The Customs Comptroller-General told the Senate Committee that the projected revenue for 2013 is N718 billion, but only N530 billion has been realised, leaving a shortfall of N188b.
According to him, the exact revenue loss so far this year is N603, 236, 211, 198.93 billion.
Dikko, attributed the huge revenue loss to eight different reasons.
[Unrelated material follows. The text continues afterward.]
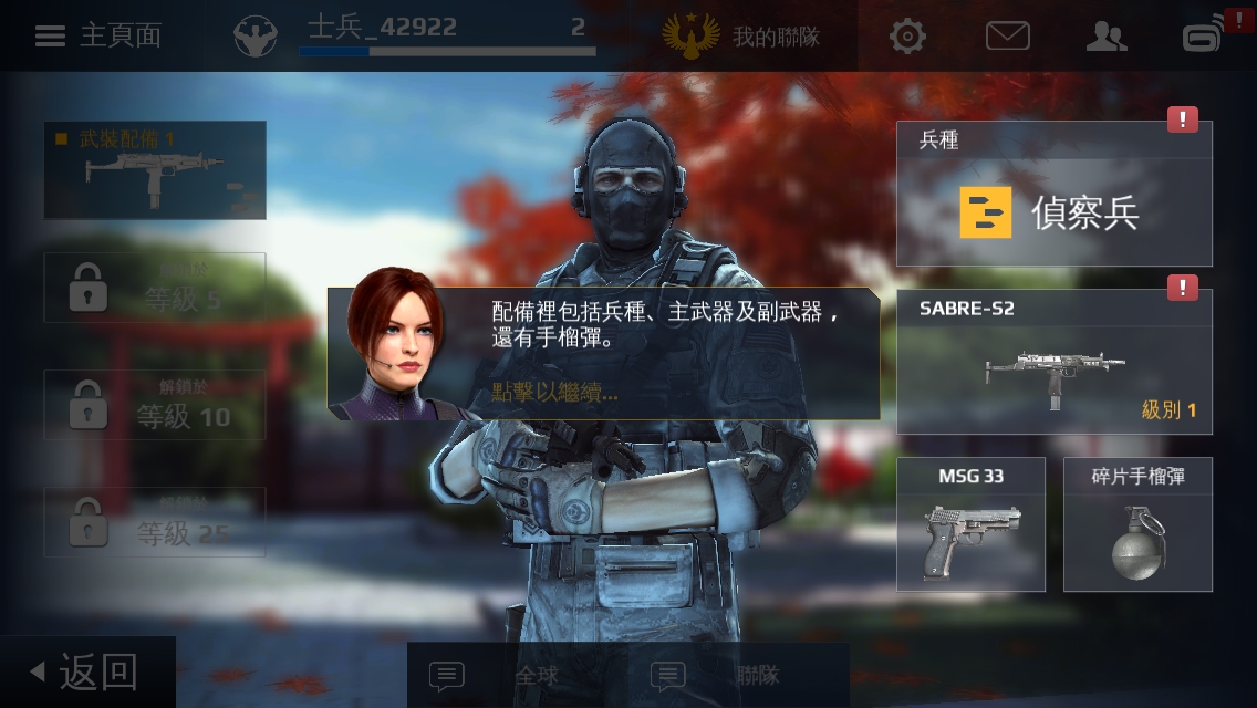 工兵、衝鋒兵、偵查兵、狙擊手,遊戲內玩家可以依照喜好選擇不同的兵種,像是強化回復還是擅長近距離戰鬥等,每種兵種有其特性與擅長的戰鬥方式,並設計有技能樹,玩家可經由消耗戰鬥升級後取得的技能點數來強化能力。

He said out of this figure, waivers on petroleum products gulped a whopping N236, 881, 899, 749.05.
Also, the CGC told the Committee: waivers, that’s Import Duty Exemption-N86, 484,973,793.00; revenue conceded to the NDCC instrument-N59, 555,073; import substitution and industrialization in drastic reaction in import of rice-96,945,233,060.00.
Other reasons are: revenue loss to manufacturers and assemblers (CKD/BULK)-N76,119,889,825.12; revenue held in indemnities, Jan-Mar 2013 Rice/Sugar-N5,430,000,000.00; drop in excise duty revenue due to close of some excise factories and de-excising of some excisable goods-N11,871,723,000.00.
Another source, the Customs CG said is revenue loss to WRLS (ECOWAS Trade Liberalisation Scheme) for transaction entered in the economic sub-region-N2, 947,428,861.00.
However, Minister of Finance, Dr Ngozi Okonjo-Iweala, defended government policies that resulted in revenue loss, saying “We are aware of the sharp decline in revenues generation of the Customs Service in the current fiscal year partly due to the government policies mentioned.
“But, we are studying the whole situation to decide what other actions should be taken because we need to be sure that the job intended to be sure that the job intended to be created are commensurate to the revenues being lost”.